A fired worker hunted down and shot to death six employees of an auto parts supply warehouse on Wednesday, then refused to surrender and was killed by police, authorities said.

"From the scene, it appears he went throughout the supply warehouse shooting them," acting Chicago Police Superintendent Philip Cline said. "They all suffered fatal gunshot wounds."

The gunman, identified by authorities as 36-year-old Salvador Tapia, had been fired six months ago for poor performance at Windy City Core Supply Inc., and recently made threatening telephone calls to one of the owners.

"According to management, he was fired six months ago for being a poor employee -- late, not showing up at work, causing trouble at work," Cline said. The phone calls were not reported to police.

When officers arrived Wednesday morning in answer to a call of shots fired, an employee with his hands tied behind his back, who had escaped, told them Tapia was inside and had shot several employees. Another worker who was caught in rush hour traffic also escaped the carnage.

Tapia may have arrived before some employees, then fired at arriving officers in two separate confrontations outside.

A team of heavily armed officers then stormed the warehouse -- which Cline described as a thicket of barrels, containers and auto engines -- and found Tapia hiding. He refused to put down his weapon, a Walther PP .380 pistol, and was killed by an officer, Cline said.

Police searched the warehouse for hours afterward, looking for any additional victims amid the maze of auto parts.

Tapia had been arrested a dozen times in the past 14 years on various charges, including illegal possession of a weapon, domestic battery and assault. He was convicted in 1989 of illegal possession of a gun and received a year's probation.

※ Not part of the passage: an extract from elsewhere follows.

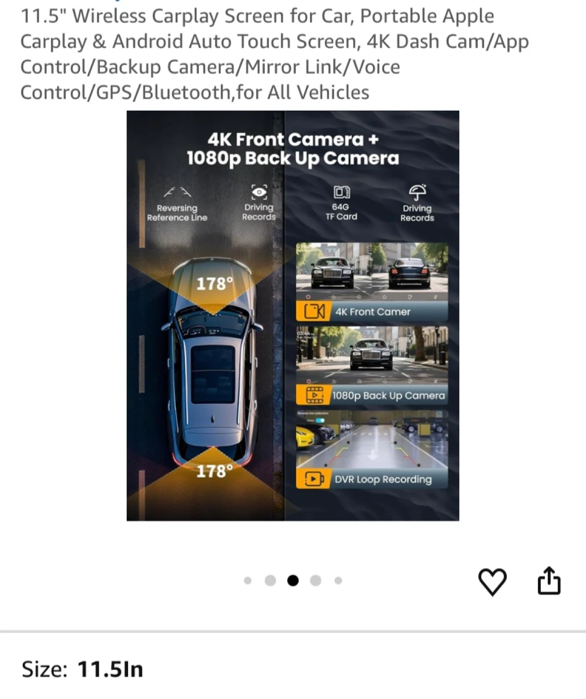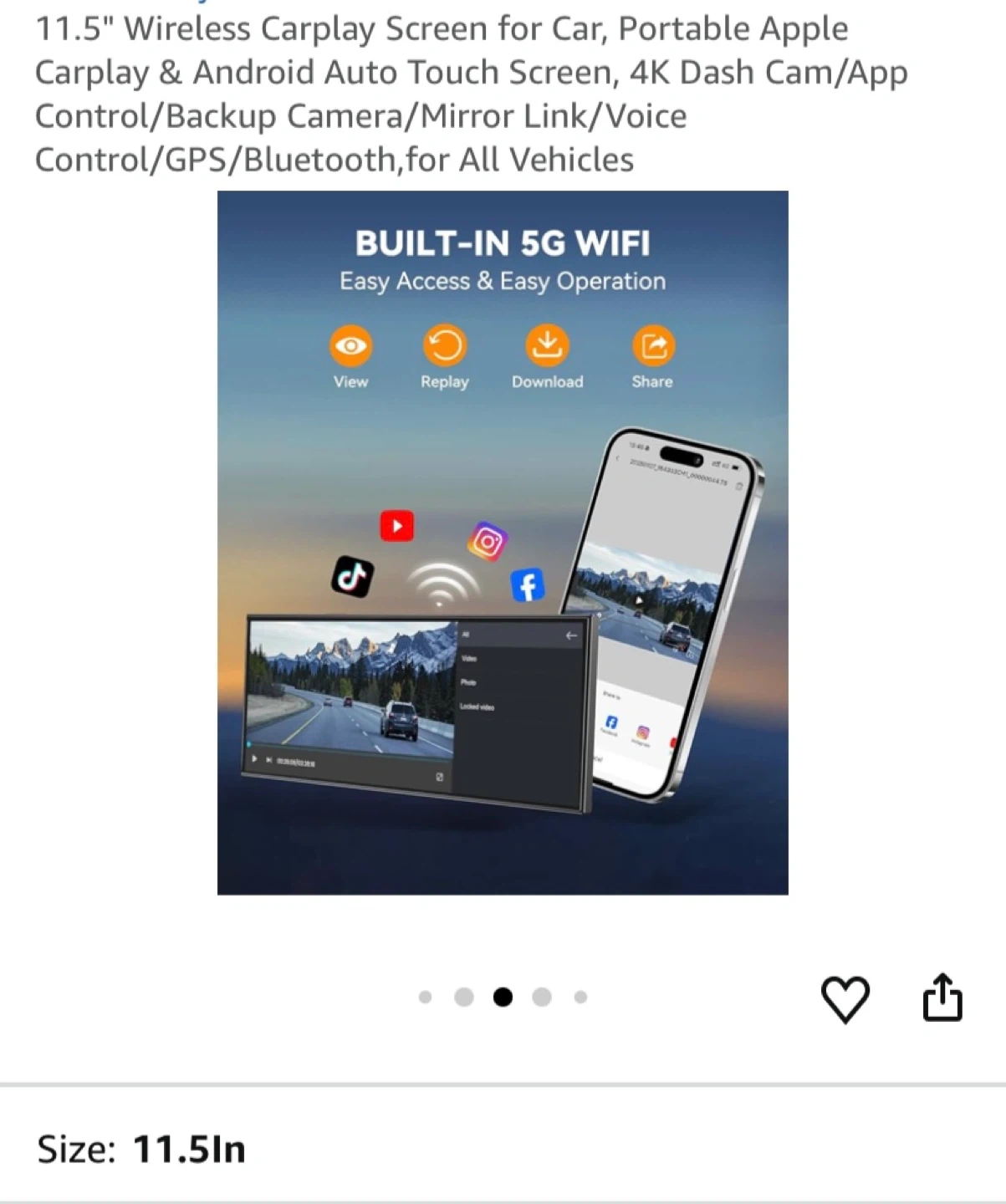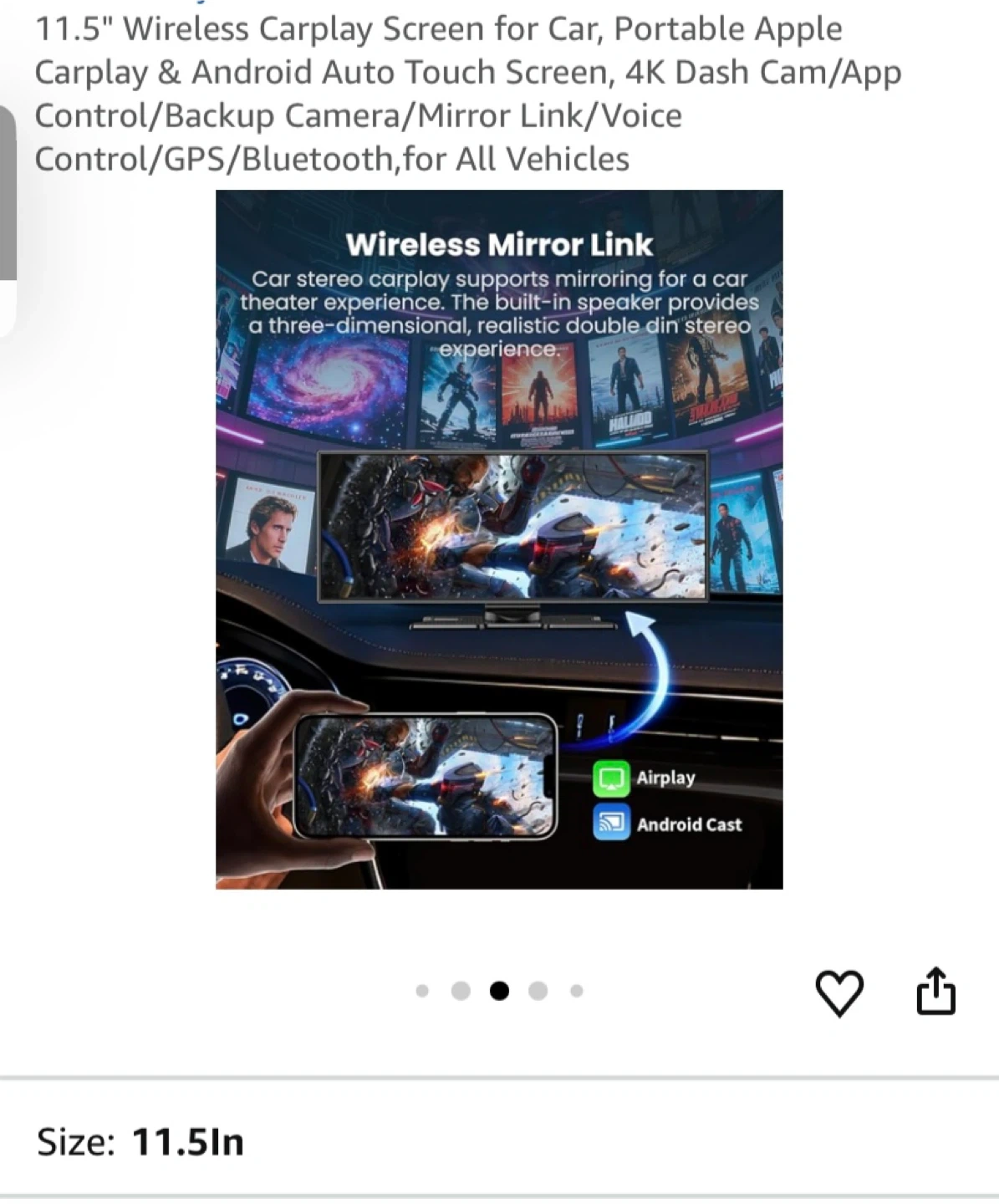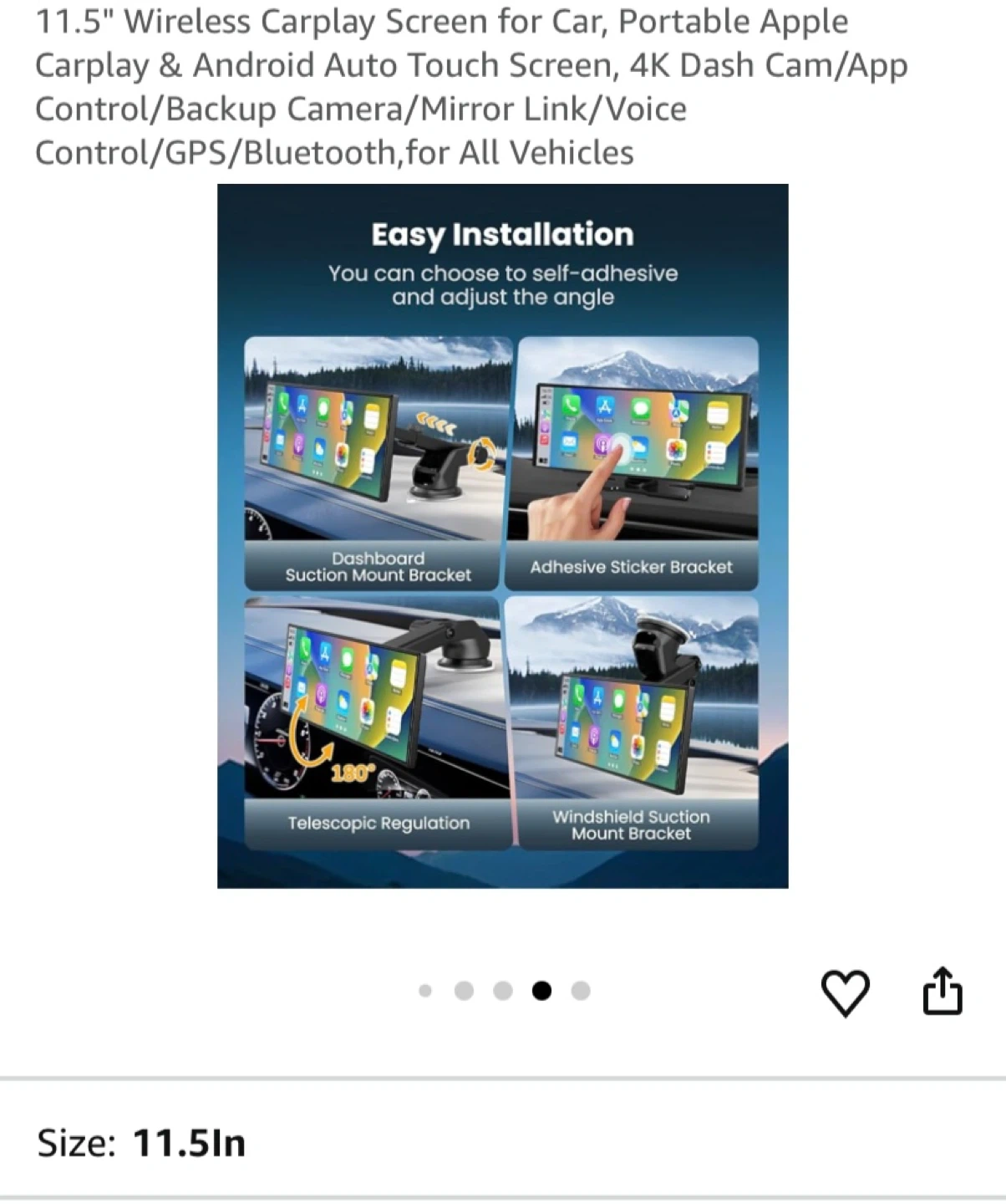 Selling an 11.5 inch wireless Carplay screen! It's a portable Apple Carplay and Android Auto touch screen that also features a 4K dash cam and app control. It also has mirror link and voice control. Perfect for any vehicle!

"The problem here is easy access to a firearm," Cline said. "I mean here's someone who never should have had a gun, and it's tragic results from it."

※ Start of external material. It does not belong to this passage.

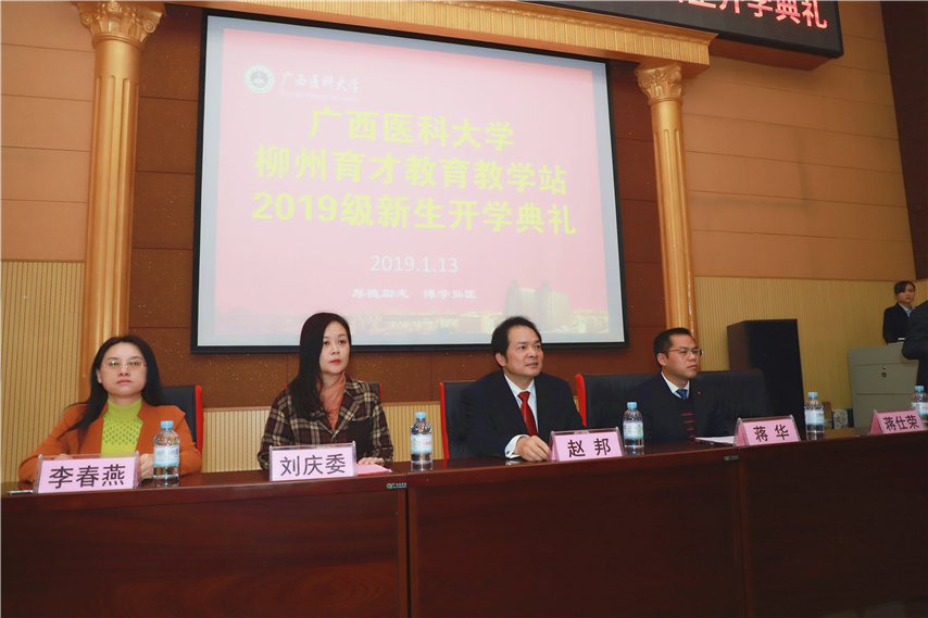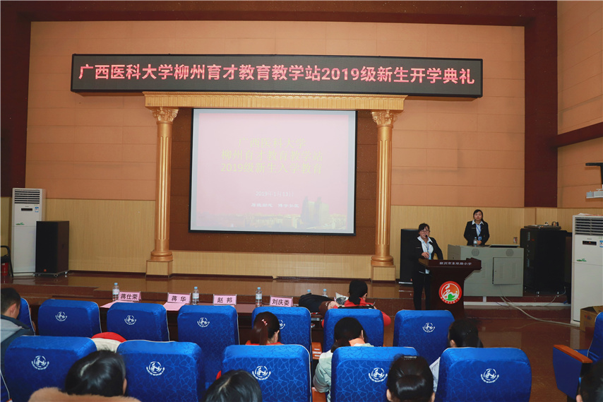 1月13日上午,廣西醫(yī)科大學(xué)育才教育教學(xué)站2019級成高新生開學(xué)典禮在柳州本部隆重舉行。廣西醫(yī)科大學(xué)繼續(xù)教育學(xué)院院長、主任醫(yī)師趙邦教授、副院長劉慶委、李春燕、辦公室主任黃明、教務(wù)科科長馮政毅、廣西育才教育黨總支書記、教學(xué)站站長蔣華、副站長蔣仕榮以及來自柳州醫(yī)學(xué)行業(yè)的200多名新生代表參加了開學(xué)典禮,會議由副站長蔣仕榮主持。
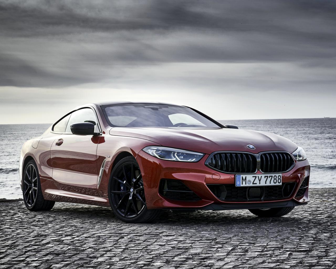 Wallpaper Red BMW 8 Series car on the background of the sea

Chicago, which has one of the nation's highest murder rates, has been in the forefront of U.S. cities suing gun manufacturers, distributors and retailers. Mayor Richard Daley frequently rails against the influx of weapons into the city that bans their sale inside its borders.

Last week in Ohio, an automotive supply plant worker killed one co-worker and wounded two others before killing himself.

Other workplace shootings in recent years include the July 1999 slayings of nine people at two Atlanta brokerage offices by a stock trader, who earlier killed his wife and two children. In December, a copier repairman shot to death seven people at a Xerox Corp. facility in Honolulu.

In February 2001, a former worker at a suburban Chicago Navistar factory who was about to start a prison term returned to the plant and opened fire, killing four and then himself.